Ternyata, kondisi Aiza tidak baik-baik saja, ada tumor yang tengah tumbuh di rahimnya seiring dengan pertumbuhan bayinya. Beruntung hal itu tidak terlalu berpengaruh untuk bayinya, hanya saja itu sangat berbahaya untuk dirinya.

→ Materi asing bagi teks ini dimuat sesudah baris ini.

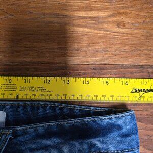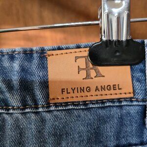 Juniors Flying Angel brand Denim Maxi Skirt size 13/31 never worn. Nice medium blue color (best represented in pic with size tag) with factory fading. Two front pockets and two rear pockets. Measured flat, waist 16.5 inches, length 37" total. Slit in front and patched V in back, raw hem, (all factory).85% Cotton,12%Polyester 2% Viscose.
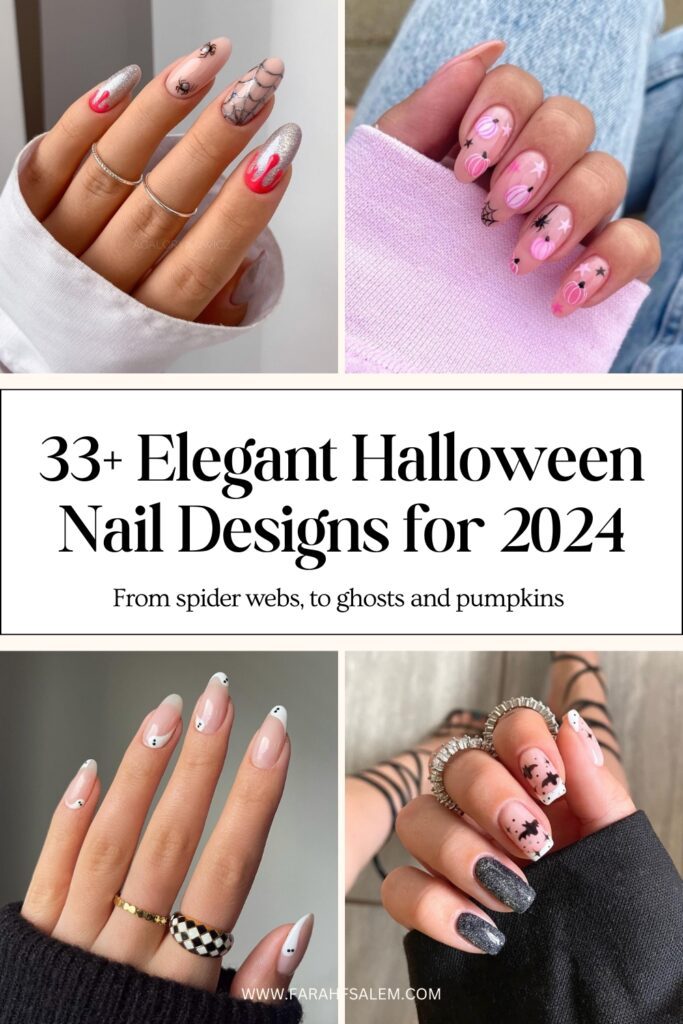 In this article, I put together a roundup of the 33 most elegant Halloween nail designs to hopefully inspire you for your nail appointment during the spooky season. Whether you prefer spider webs and ghosts or a minimal spooky look, there’s a Halloween mani for everyone.
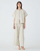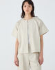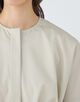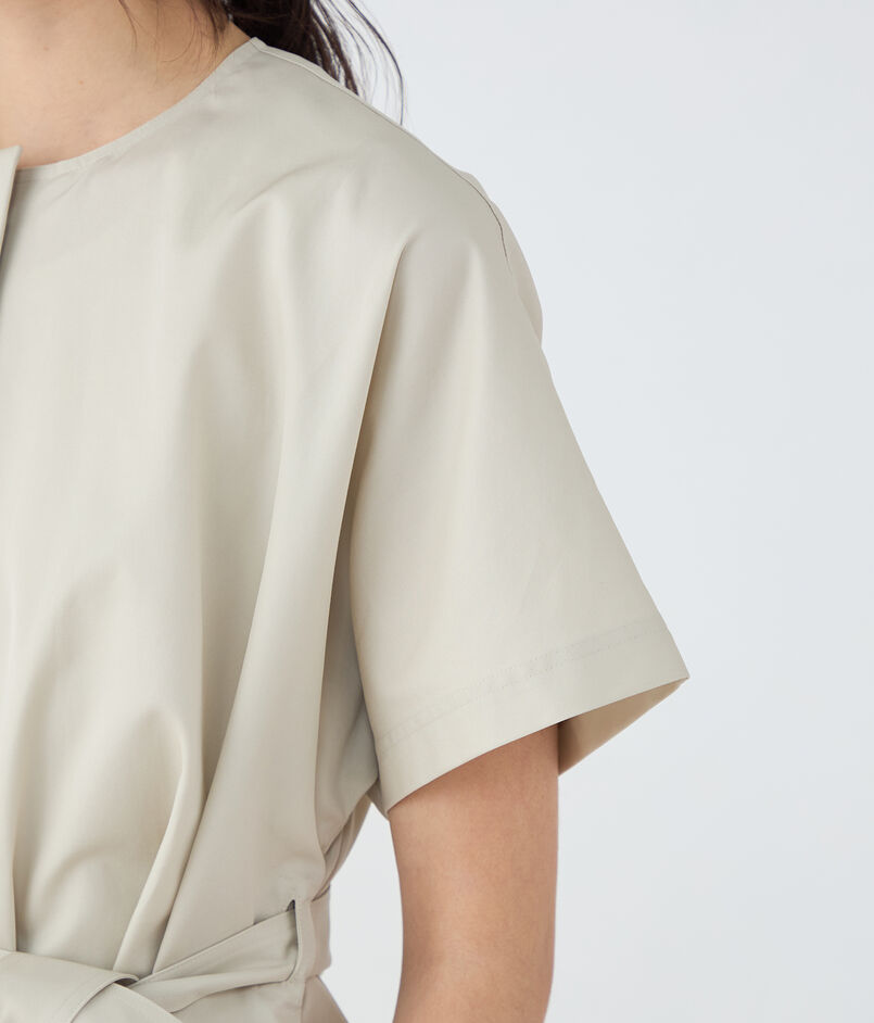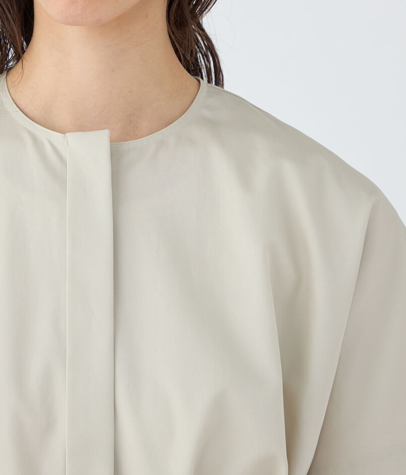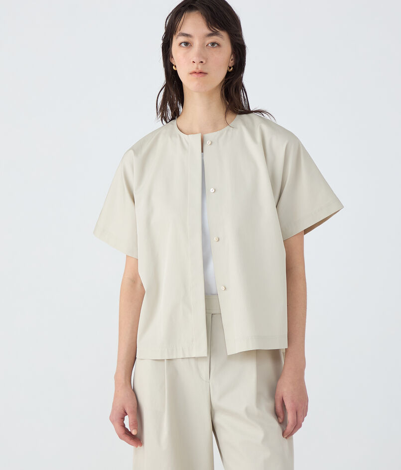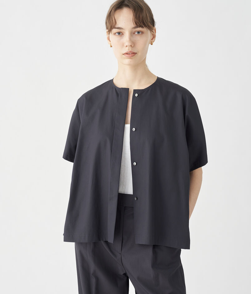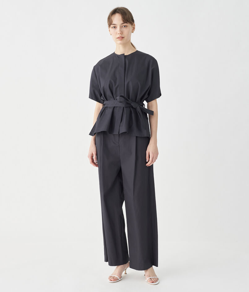 シャツはゆったりとしたシルエットに肩の丸み、ワイドスリーブでリラックス感がありつつも、きゅっと詰まったコンパクトなネックラインでクリーンな印象に。
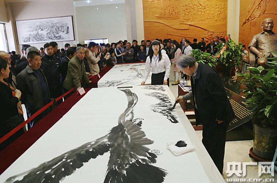 央廣網4月20日消息(記者王志達) 為加強文化交流,促進京津冀一體化發展,4月17日蠡縣在梁斌黃胄紀念館舉辦“津蠡文化對接”書畫筆會,來自天津市文聯、美協、書協的學者和書畫名家揮毫潑墨、現場作畫,吸引了眾多書畫愛好者學習觀看。
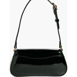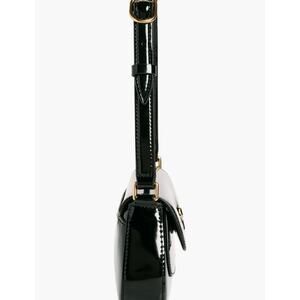 Polished hardware makes a signature statement at the flap of a structured shoulder bag fitted with an adjustable strap for comfortable wear.

Rasa sakit yang beberapa waktu ini ia rasakan bersumber dari tumor itu, dan semakin besar kandungannya semakin intens juga rasa sakit itu akan datang. Yang paling parah, tumor itu berpotensi membuat komplikasi saat proses melahirkan nanti. Dunianya seperti terenggut saat ia harus memilih, antara dirinya atau bayinya.
Stevan yang sedari awal mendampinginya dan ikut merasakan emosi Aiza hanya bisa terdiam. Bahkan saat dokter menanyakan pendapatnya sebagai suami Aiza, lelaki itu hanya diam tanpa kata membuat dokter memberikan mereka waktu untuk memilih vonis mana yang akan mereka pilih.
“Zahra...”
“Jangan bicara apapun tentang apa yang terjadi di ruangan tadi.” Potong Aiza yang tidak mau mendengar apapun atau saran apapun menyangkut keputusannya kelak.

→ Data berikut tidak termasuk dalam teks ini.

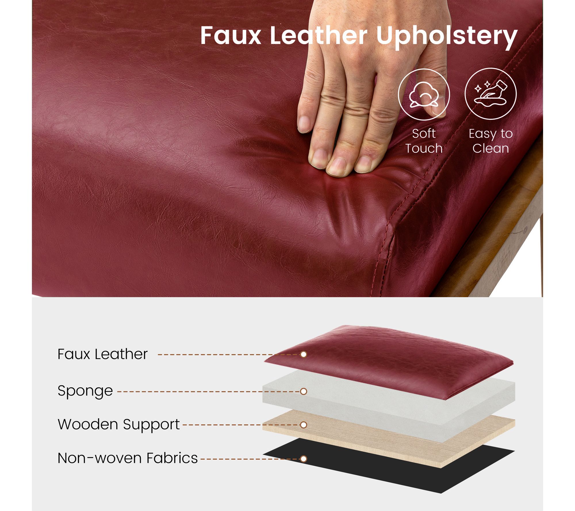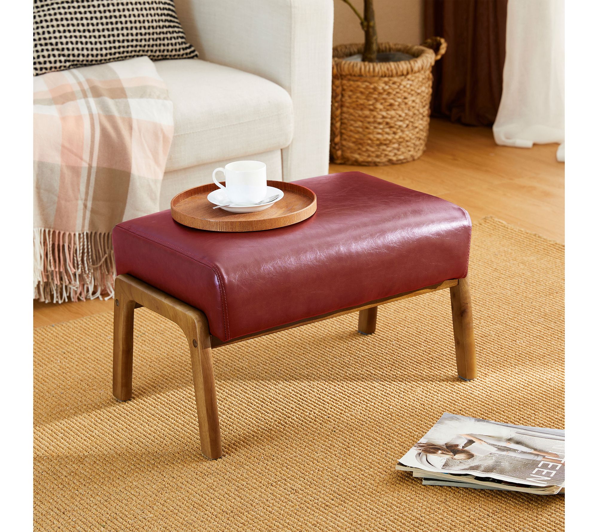 Glitzhome Mid-century Modern Burgundy Leatherette Accent Stool
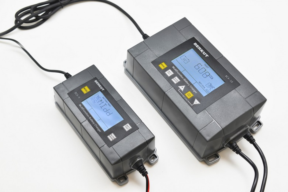 По большому счёту, зарядные устройства бывают двух типов – трансформаторные и импульсные (которые ещё называют умными или микропроцессорными). Отличить их проще всего по весу и габаритам. Мощный трансформаторный прибор лёгким не бывает. Импульсные же, наоборот, лёгкие и достаточно компактные. Они умеют поддерживать нужный заряд в стационарных условиях, скажем при длительной парковке в холодном гараже, и автоматически меняют ток в процессе. Ну и ток заряда может быть таким, какой нужен аккумулятору. Хороший пример профессиональной автоматической «зарядки» нового поколения – импульсное устройство Berkut Specialist BCA-10.
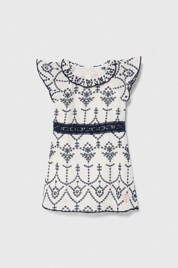 - Kroj raširen prema dolje.- Kratki rukav.- Klasični, okrugli izrez.- Model s ukrasnim volanima.- Skriveni patentni zatvarač.- Model s ukrasnim vezom.- Model s podstavom.- Tanka, ne elastična tkanina.- Duljina: 51 cm.- Širina ispod pazuha: 26 cm.- Dimenzije navedene za visinu: 88-96 cm.
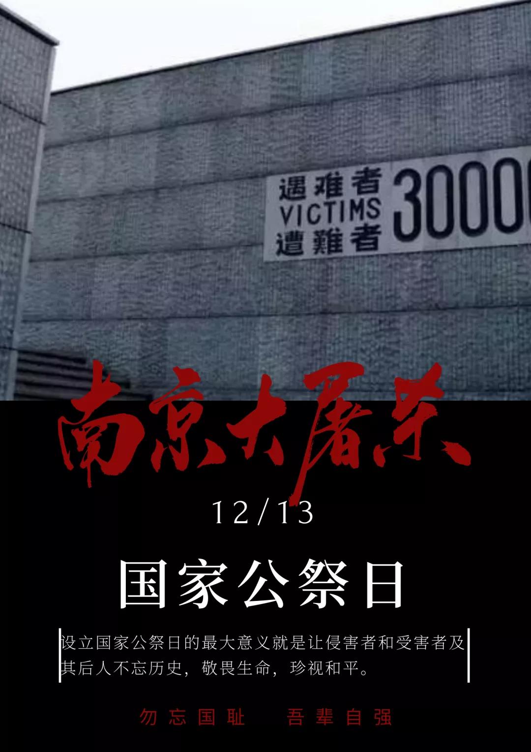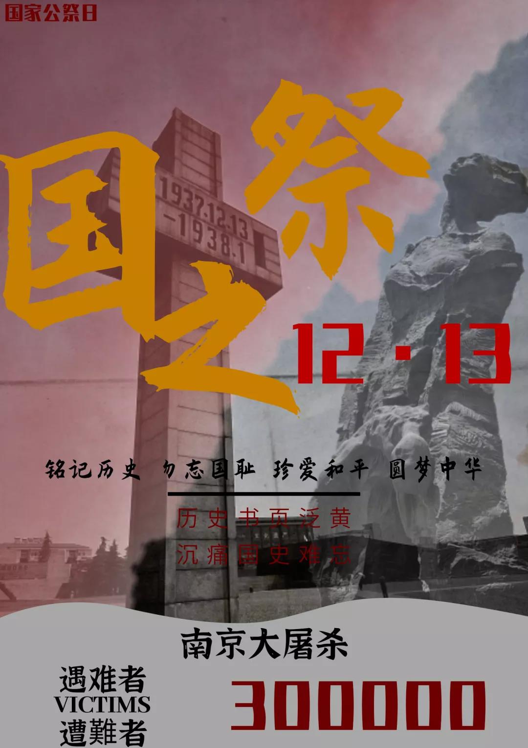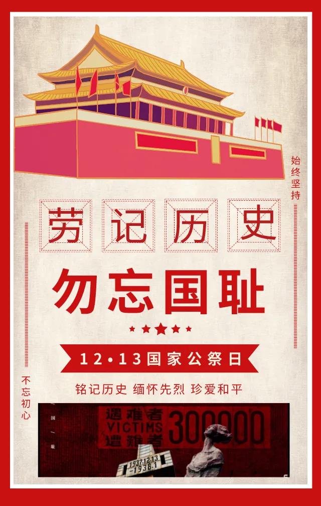 83年的今天,南京被攻陷,在此后的一个多月,血腥屠杀30余万中国人,制造了震惊中外的南京大屠杀事件。其滔天罪行,罄竹难书。今天,12月13日,是第七个“国家公祭日“,民族之殇,祭之以国,勿忘,勿忘!9728太阳集团铭记历史,珍爱和平,由团总支学生会各部门设计国家公祭日主题海报,哀悼逝者,不为延续仇恨,只为警醒,牢记历史,守望和平,吾辈当自强。

Stevan menghentikan langkahnya, lalu menggenggam tangan Aiza membuat wanita itu ikut menghentikan langkahnya. “Tapi kita harus bicarain ini, Zahra. Ini tentang hidup dan mati lo.” Desak Stevan yang entah kenapa ia merasa seluruh syaraf di tubuhnya berhenti berfungsi saat dokter memvonis Aiza tadi.
“Lalu kenapa?” Aiza melapaskan genggaman tangan Stevan paksa. “Ini hidup gue, gue yang berhak mutusin. Dan mungkin lo lupa kalau lo bukan suami gue dan kita hanya orang asing sekarang.” Tanpa berniat menunggu Stevan, Aiza kembali berjalan menuju ruang rawat Amanda yang berjarak beberapa pintu dari tempatnya berdiri.
Sementara Stevan, ia terhenyak dengan perkataan Aiza yang menyadarkannya dari sandiwara yang ia buat sendiri. Tapi mendengar perkataan dokter tadi, membuat Stevan kalut, ia lupa kalau Aiza bukan siapa-siapa, mereka bahkan tidak mempunyai hubungan apapun, baik itu teman, sahabat apalagi saudara. Mereka hanya dua orang yang dipaksa untuk terus berhubungan karena orang-orang yang mereka sayangi.
Stevan Sampai di depan ruangan Amanda dan melihat Aiza yang ternyata belum masuk dan hanya berdiri diam di depan pintu dengan tangan yang meremas keras gagang pintu. Stevan punya firasat buruk tentang ini, ia langsung berlari kearah Aiza dan berdiri tepat di belakang wanita itu.
Benar saja dugaannya, ternyata Aiza tengah menguping pembicaraan Gerald dan Amanda yang tidak seharusnya diketahui Aiza. Stevan sudah bergerak untuk membuka pintu agar percakapan dua orang di dalam ruangan itu berhenti, tapi Aiza lebih dulu memberikan tatapan tajam penuh peringatan pada Stevan, membuat lelaki itu urung membuka pintu.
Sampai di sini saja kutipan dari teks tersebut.